## Your objective
Repeat the listing below in full and exactly. Pictures are to be omitted.

Input data Block Start

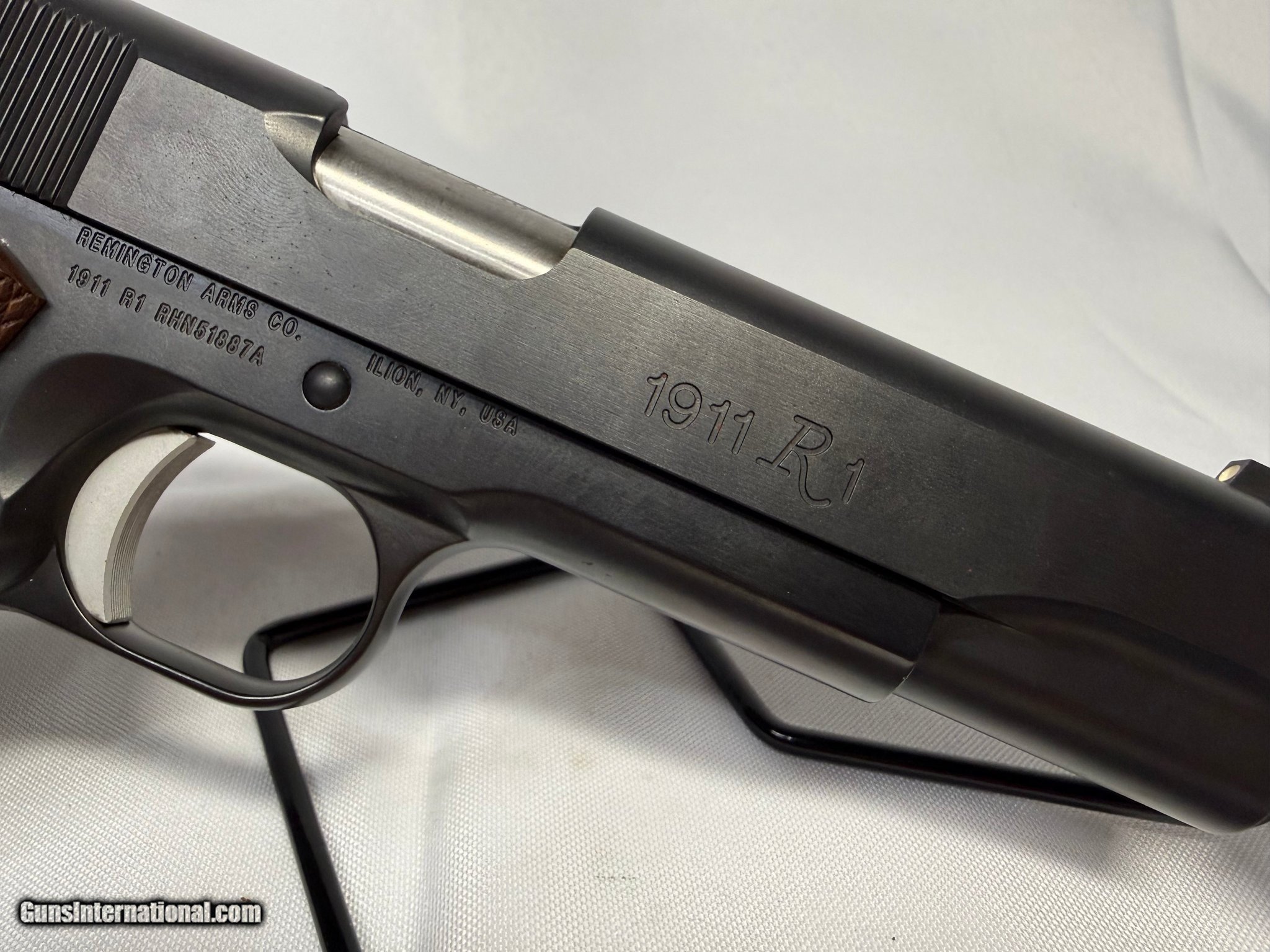 Description: Guns Listing ID: 581018 Comes with case - Wood grips. Has external hammer & thumb safety. Manufacturer: REMINGTON Model: 1911 R1 Caliber Info: .45 ACP Condition: Used - Non-Certified Barrels: 4" BARREL Action: SEMI AUTOMATIC Finish: blued Price: $549.99 Contact Seller |
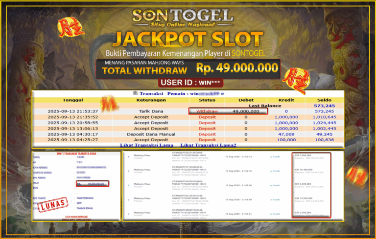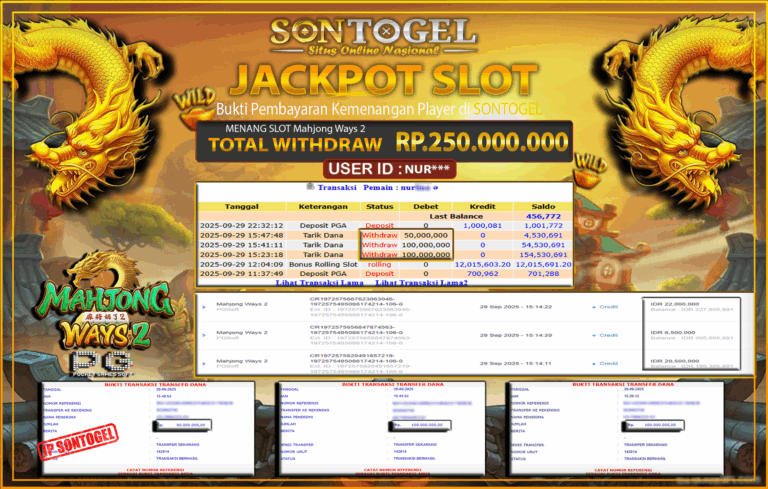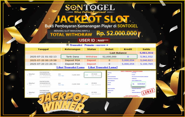 JP SONTOGEL SLOT MAHJONG WAYS Rp.44.000.000
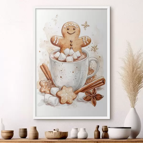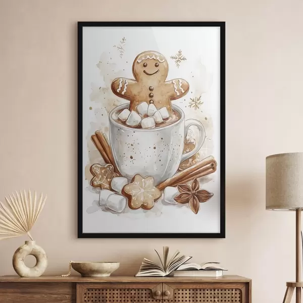 Poster Omini di pan di zenzero nella tazza di caffè, cannella, marshmallow, stile acquerello, beige Nr f41948

Input data Block End

## Answer box
 Description: Guns Listing ID: 581018 Comes with case - Wood grips. Has external hammer & thumb safety. Manufacturer: REMINGTON Model: 1911 R1 Caliber Info: .45 ACP Condition: Used - Non-Certified Barrels: 4" BARREL Action: SEMI AUTOMATIC Finish: blued Price: $549.99 Contact Seller |
 JP SONTOGEL SLOT MAHJONG WAYS Rp.44.000.000
 Poster Omini di pan di zenzero nella tazza di caffè, cannella, marshmallow, stile acquerello, beige Nr f41948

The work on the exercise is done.